Oh people, I almost wigged out on the boys yesterday. I got home an hour early. Sweety wasn’t home. (The boys had to walk home from school a couple of days this week because he couldn’t get off in time to pick them up.) BB is in the front yard playing basketball (um, how many times have I told them to stay inside the freaking house if they’re home alone?!) and LB is there with him, shoeless. (I have a big problem with them running around shoeless. This stems from the numerous times they’ve come home from the coaew’s house with cuts on their feet or other things that they’re bitching about that could have been prevented with foot coverings.)
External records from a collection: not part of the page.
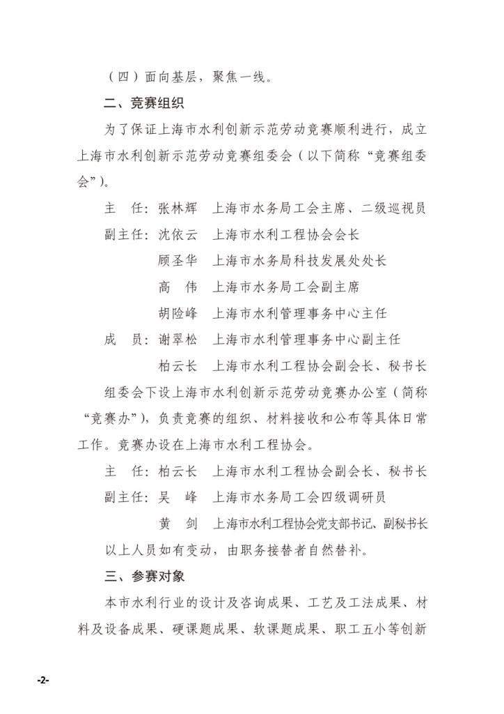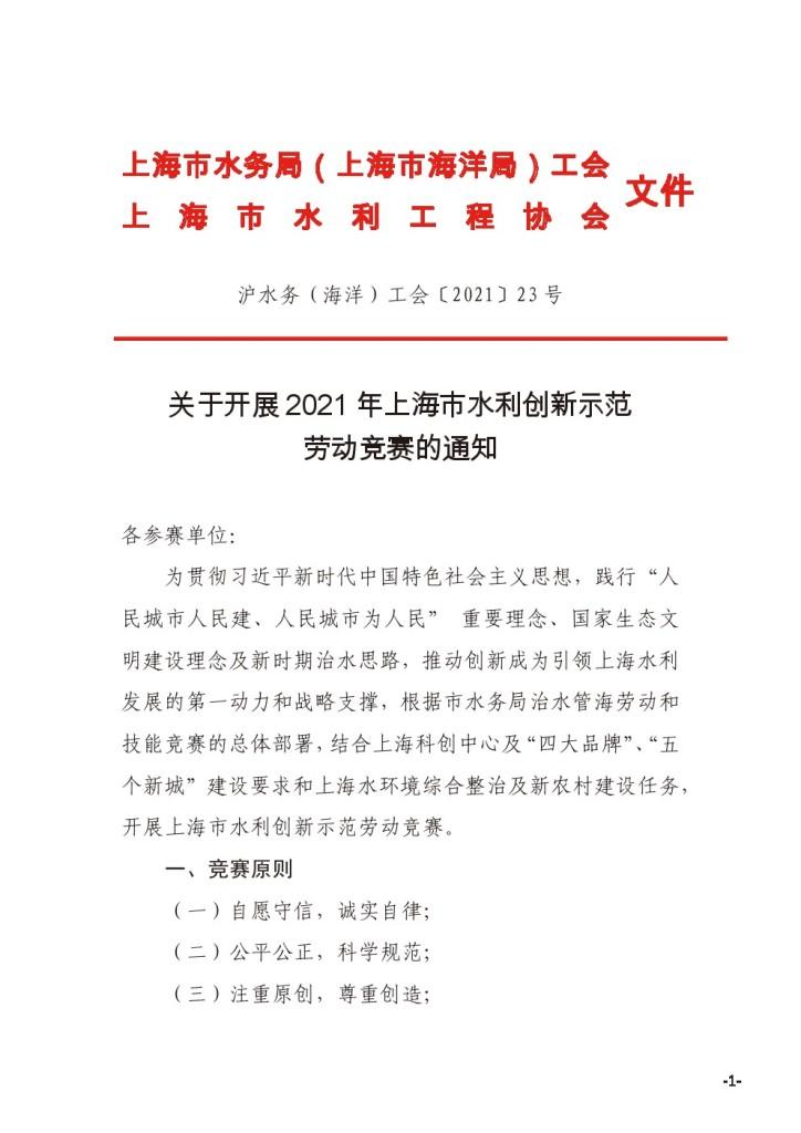 关于开展2021年上海市水利创新示范劳动竞赛的通知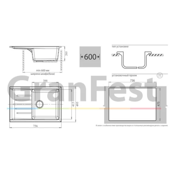 Кухонная мойка серый Акватон Паола 1A714032PA230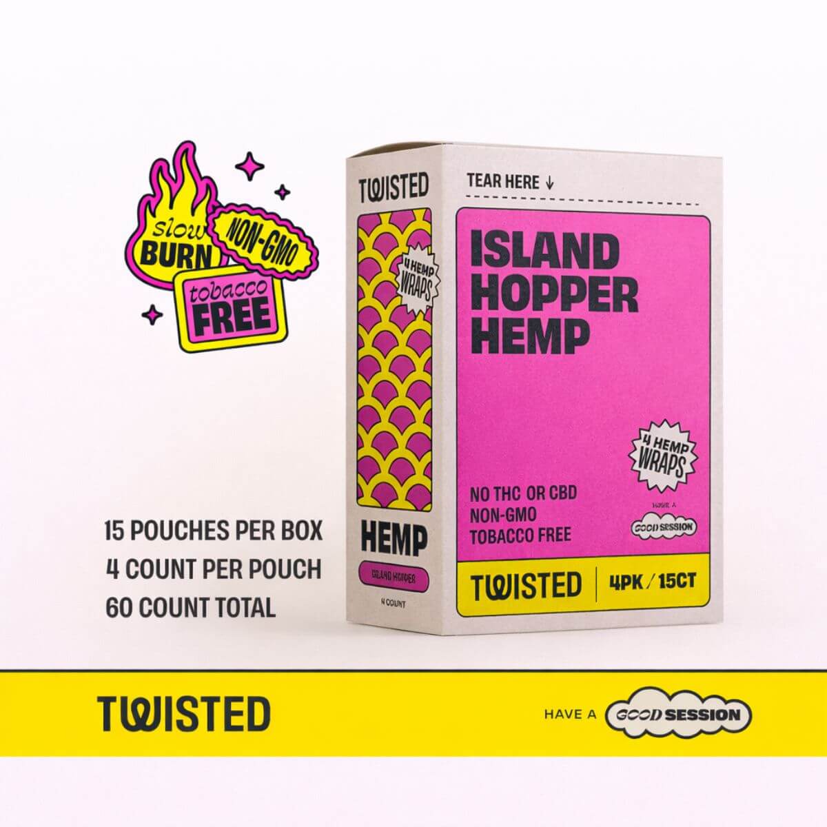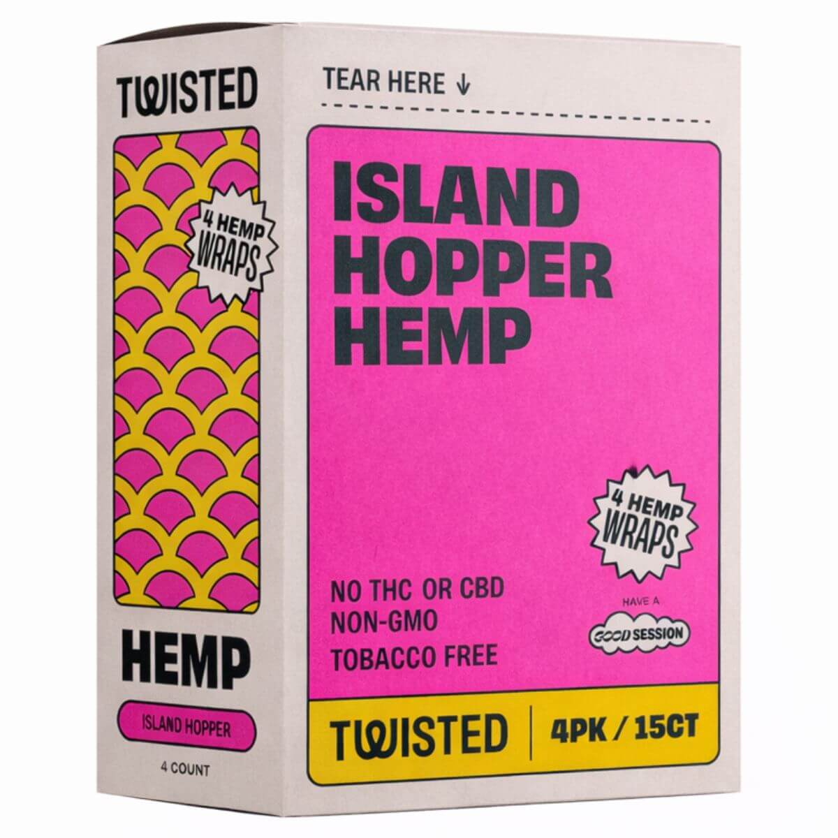 - 1 retail display containing 15 individually packaged Twisted Hemp Wraps Island Hopper variant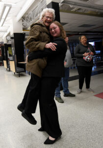 Britta McCollum, of Fort Dodge, carries her grandmother Helen Vetter, of Manson, around the Fort Dodge Senior High cafeteria after the National Honor Society induction ceremony Sunday evening.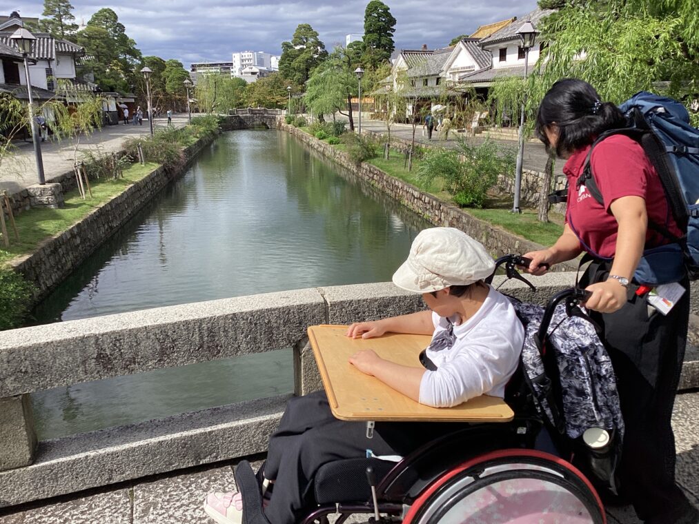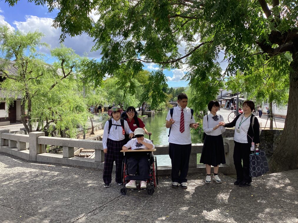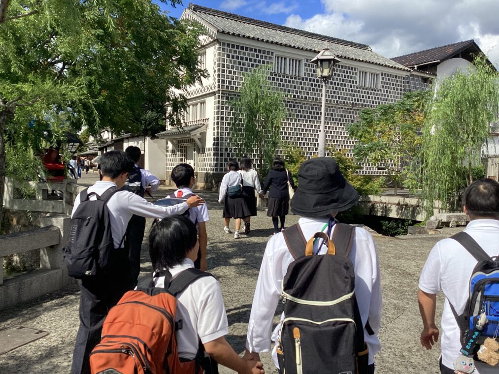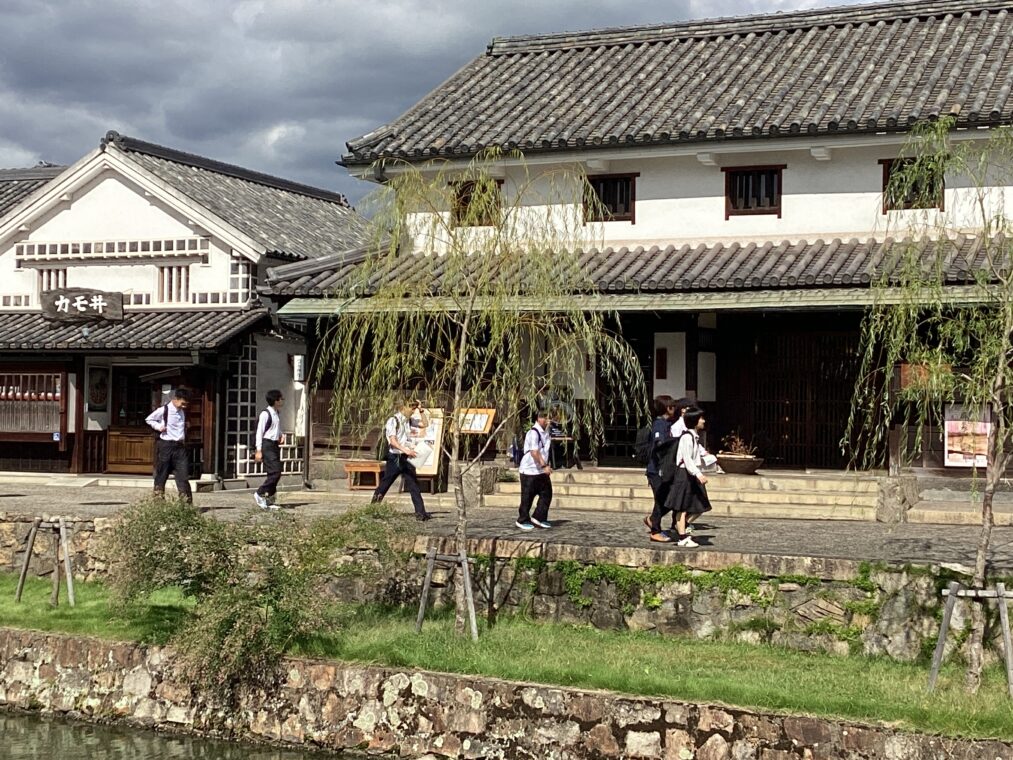 昼食を終えた班から美観地区の散策を行いました。倉敷美観地区は、江戸から明治時代の風情を色濃く残す、岡山県倉敷市の歴史的観光エリアです。おみやげを買ったり、白壁の蔵屋敷や柳並木が並ぶ美しい町並みの写真を撮影したりして過ごしました。この後は四国水族館に移動します。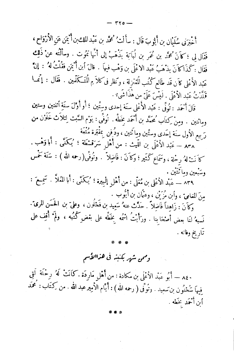 839 - عبد الأعلى بن مُعلّى: من أهل إلبيرَة؛ يُكنّى: عبد المعلاّ. سمعَ: من المضاميّ، وابن مُزيّن، وعُثمان بن أيّوب.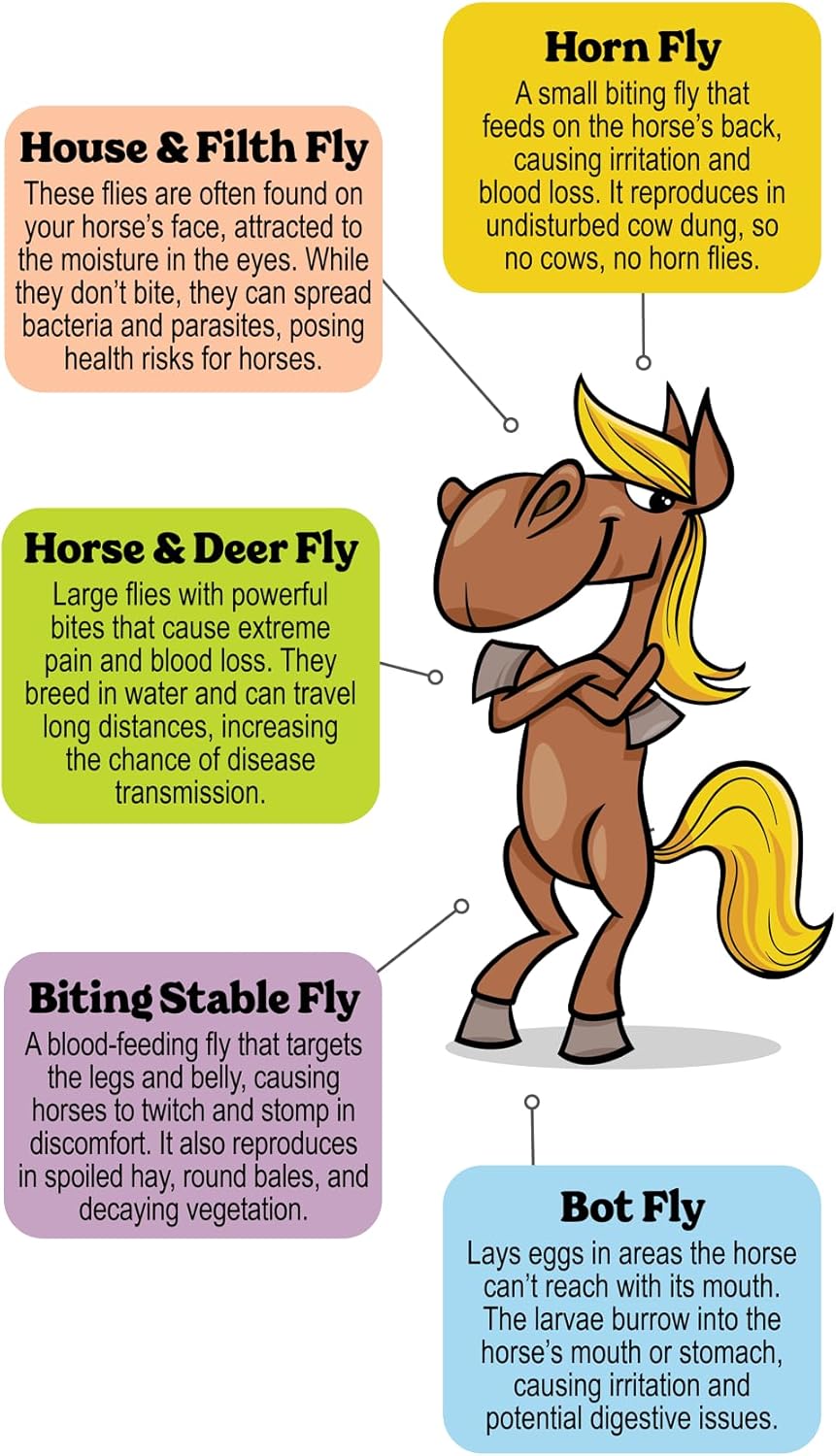 We have over 30 donkey and using this product for the first time this year we hardly have any flies .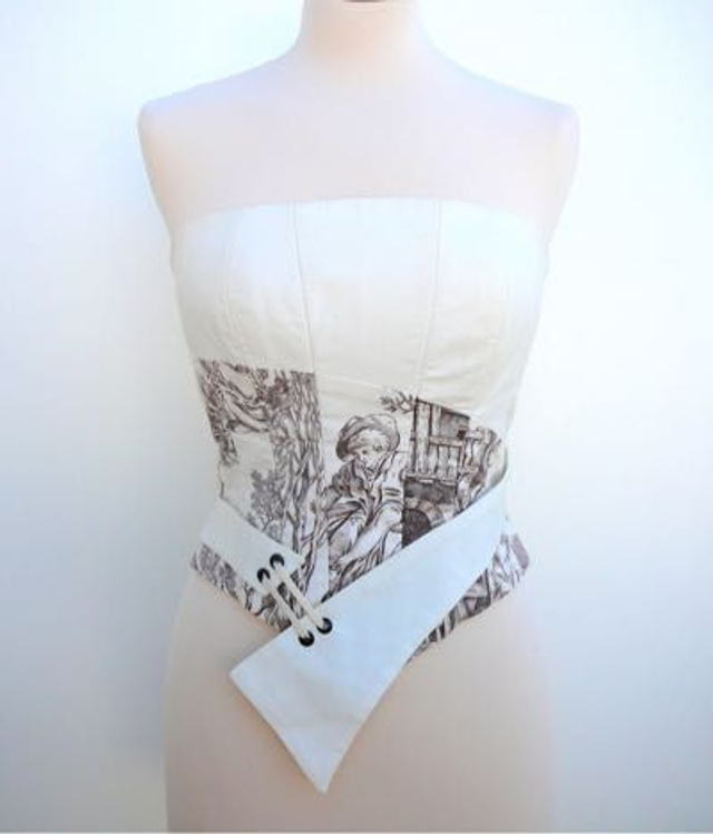 Bustier baleiné asymétrique en toile de Jouy écru et marron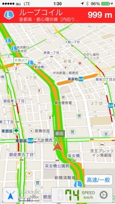 また、地図上に交通状況表示を行い、渋滞や道路の混雑状況を確認することができます。

I feel bad that they’ve been home alone and instead of cooking ask what they want. Taco Bell. We load up in the car and during the drive it comes up that they have not let the dogs out to potty since they’ve been home from school. I was immediately so pissed off that I wanted to kick them out of my car and let them walk the last few blocks home. So you played video games in my bedroom while Stinky & Tiny howled their heads off in the adjoining bathroom and Oliver pranced at your feet? Poor Stinky Dog completely messed her bed and it’s been disinfecting all night.

For crying out fucking loud. I had no idea that I needed to tell them to let the dogs out when they came home from school. They know that they should do that!

They are going to be here this weekend and I knew if I freaked the fuck out that it would make the whole weekend shit. So I’m sweeping it under the rug. This weekend I am getting a dry erase marker and writing the things that I want them to do every day after school on the icebox. They will probably get more chores than they would have yesterday morning because I’m still pissed about them ignoring the dogs.

Tonight I’m going to put on my glitter eyeshadow and ride with Sweety to the bowling alley where I will probably drink a lot and subject everyone to my music on the jukebox. I’m beyond ready!

Oliver

The reason I’m able to wear my glitter eyeshadow? I’ve been thinking for two weeks that I lost my whole makeup box but noticed it when I was taking the above photo of Oliver. I’d just stashed it away for some odd reason.



The Destroyer


We have yet to find a conventional dog toy that Oliver can’t destroy in an hour. It is very surprising to me that he doesn’t chew random things in the house like chair legs or bedspreads. We leave him in our bedroom during the day and he hasn’t ruined anything in there. He knows when something shows up in his bed though that it’s his for the taking.

Who?

The only thing that has lasted so far is a racquetball. It took him 10 days to finally gnaw through it. Luckily, they come in cans of three.